Required work: Copy out every line of the listing in which "using" appears.

------ Exercise material ------

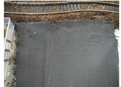
Road using AK Asphalt

When it came to using it, I tried it two different ways. First, I used the Woodland Scenic Paving Tape, laid it down, and spread the concrete between the tape and smoothed it out and let it dry. I then pulled the tape up. The second way I found to be the easiest to do and also does not use very much product. Take foam board, cut it out in the shape of my road or
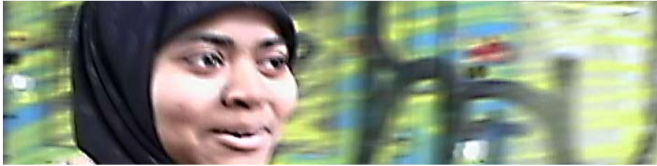
Bangla East Side
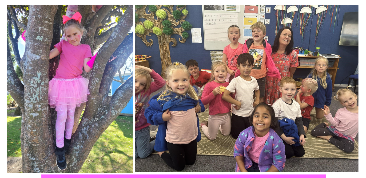
Pink shirt day
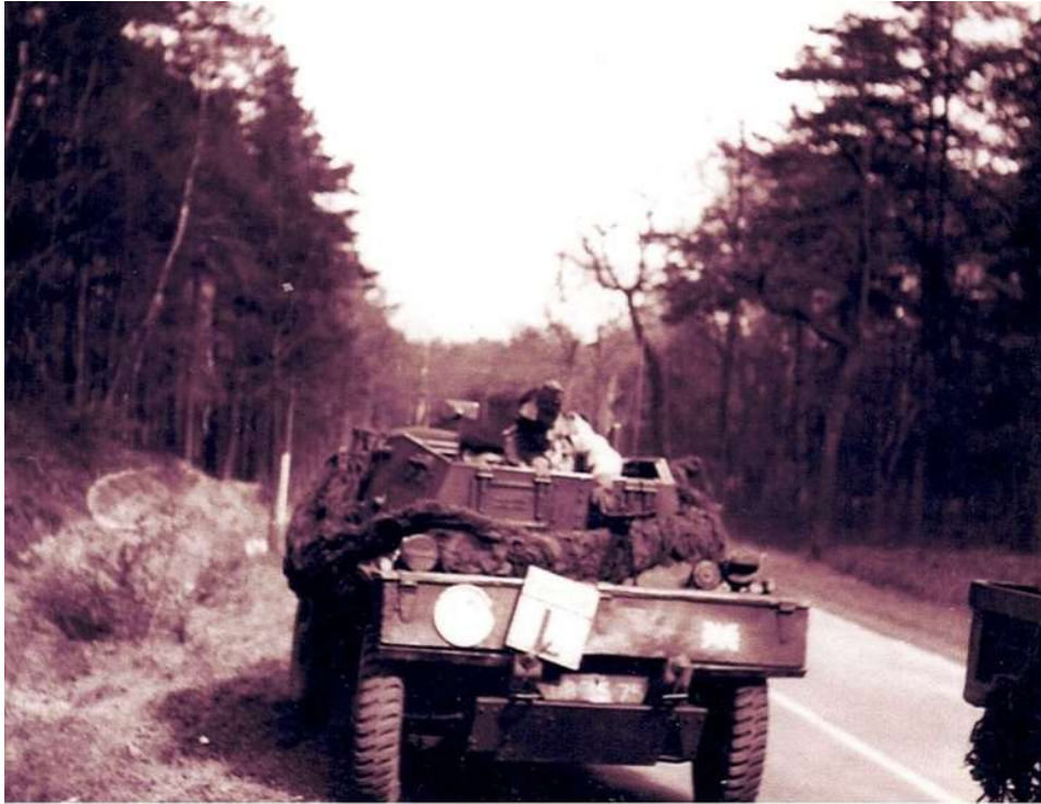
Description: 2 nd RTR Germany dingo F207267 08ZS75 circa 1947-1948
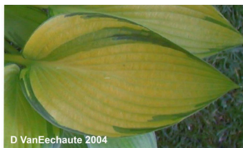
H. 'June Fever' leafdetail Registered Leaf Photo
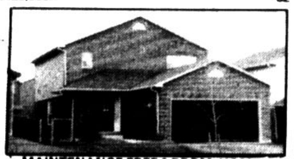
MAINTENANCE FREE 3 BDRM. HOME Tastefully finished with upgraded broadloom and ceramic tiles. Won't last! $101,900. 91
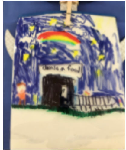
Above: Student example
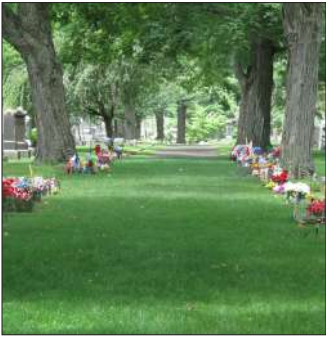
The beauty of family care.

Evergreen Cemetery Association of New Haven & Crematory 769 Ella T. Grasso Blvd. New Haven CT 06519
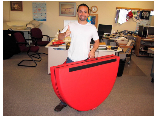
Boeing 737 FOD protection Intake Plug, folding type
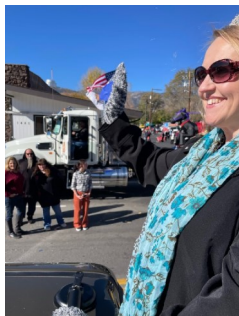
The First Lady Waving.
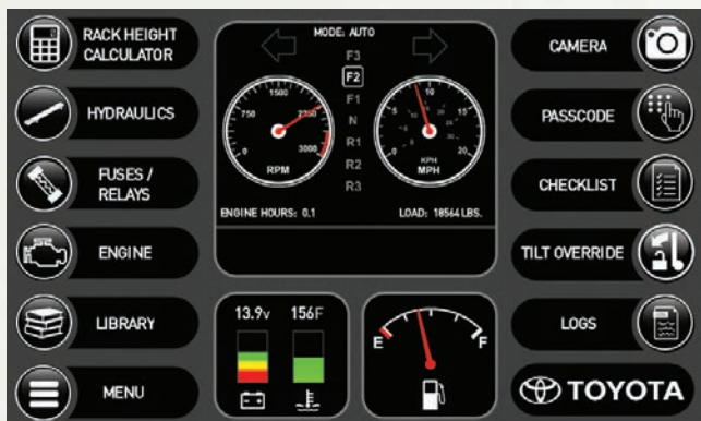
MD4 Display - High-Capacity Marina Forklift

------

Exercise answer:
Road using AK Asphalt
When it came to using it, I tried it two different ways. First, I used the Woodland Scenic Paving Tape, laid it down, and spread the concrete between the tape and smoothed it out and let it dry. I then pulled the tape up. The second way I found to be the easiest to do and also does not use very much product. Take foam board, cut it out in the shape of my road or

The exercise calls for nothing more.